What happens when the shiniest new technology stops dazzling us and starts demanding something far more difficult: actual change?


John Hetherington brought the rain but not the cold when he flew in from Canada to London, a fitting metaphor for the conversation that followed. Because whilst 2025 didn't freeze AI innovation in its tracks, it certainly dampened some of the euphoria that characterised the previous three years.
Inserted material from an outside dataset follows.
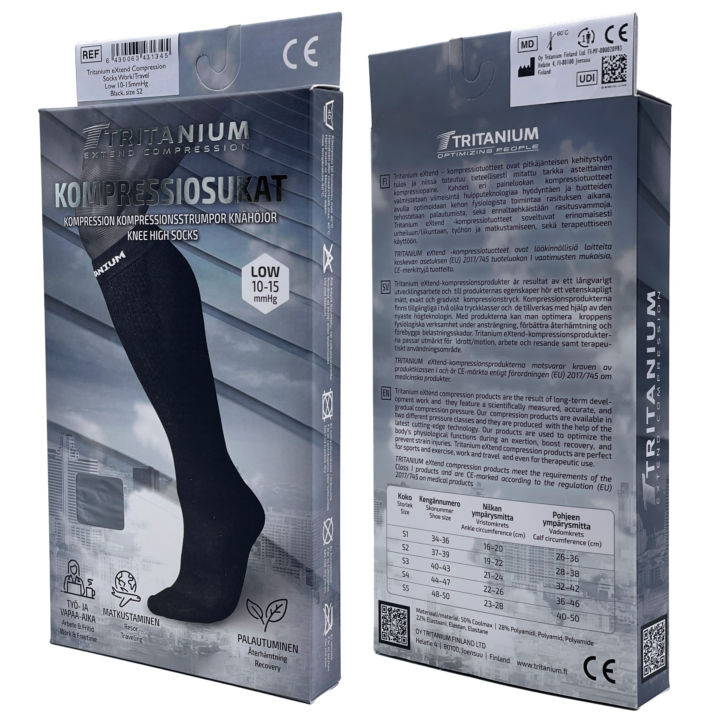 Tritaniumin eXtend Low -kompressiosukilla nopeutetaan palautumista, vähennetään treenin jälkeistä lihasarkuutta ja ehkäistään jalkojen väsymistä. Tähän kokonaisuuteen päästään optimoidulla asteittaisella matalalla kompressiopaineella (10-15mmHg), teknisillä ominaisuuksilla ja laadukkailla materiaaleilla.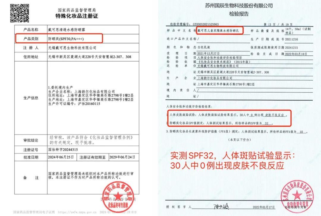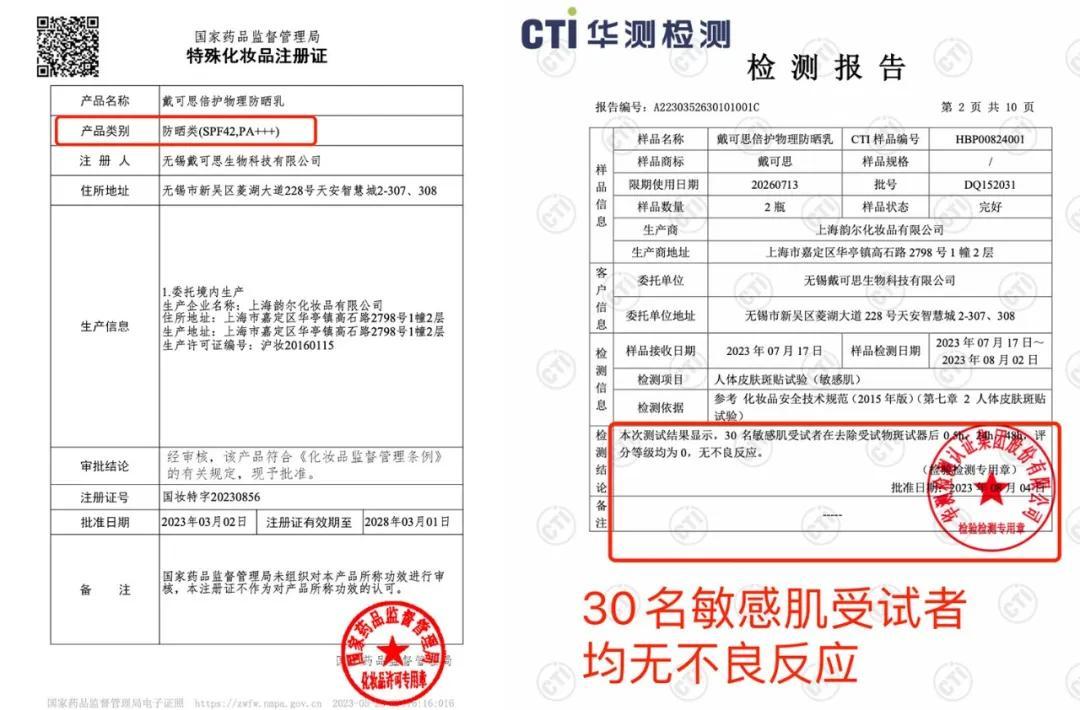 我們之前已經推過很多次它們家的產品了,每次反饋都特別好。這次又選中戴可思,還是因爲那個硬道理:品牌口碑好,產品成分簡單、備案信息完整,檢測報告齊全。

And according to John, that's precisely what needed to happen.


"After the whole 2022 release and then 2023 hype and 2024 even more hype, 2025 seemed to hit a bit more of a trough of disillusionment," John explained, invoking the Gartner hype cycle with the weary familiarity of someone who's seen this pattern before. "A lot of people were like, Is it really giving what we expect? Is it giving the value we were promised?"


The question wasn't rhetorical. Across boardrooms in North America and beyond, companies were demanding proof. The grand promises of massive cost savings and transformative productivity gains were meeting the cold reality of spreadsheets and quarterly reviews. 'Show me the numbers,' executives insisted. Prove it works.





The Dirty Secret Nobody Wants to Admit

But here's where the conversation took an unexpected turn, revealing something that rarely makes it into the polished case studies and vendor presentations. People were using AI and then treating it like a guilty secret.


Two stories from earlier in the year perfectly captured this bizarre dichotomy. In one company, an employee was made to feel like they were cheating when they used AI. "I'm never gonna tell anyone again," they resolved, retreating into secrecy. In another case, a CTO of a well-known tech company took the opposite approach. When an employee sheepishly admitted to "maybe using AI a bit," the CTO's response was immediate: "I want you using it. I'm paying you good money. Why would you not?"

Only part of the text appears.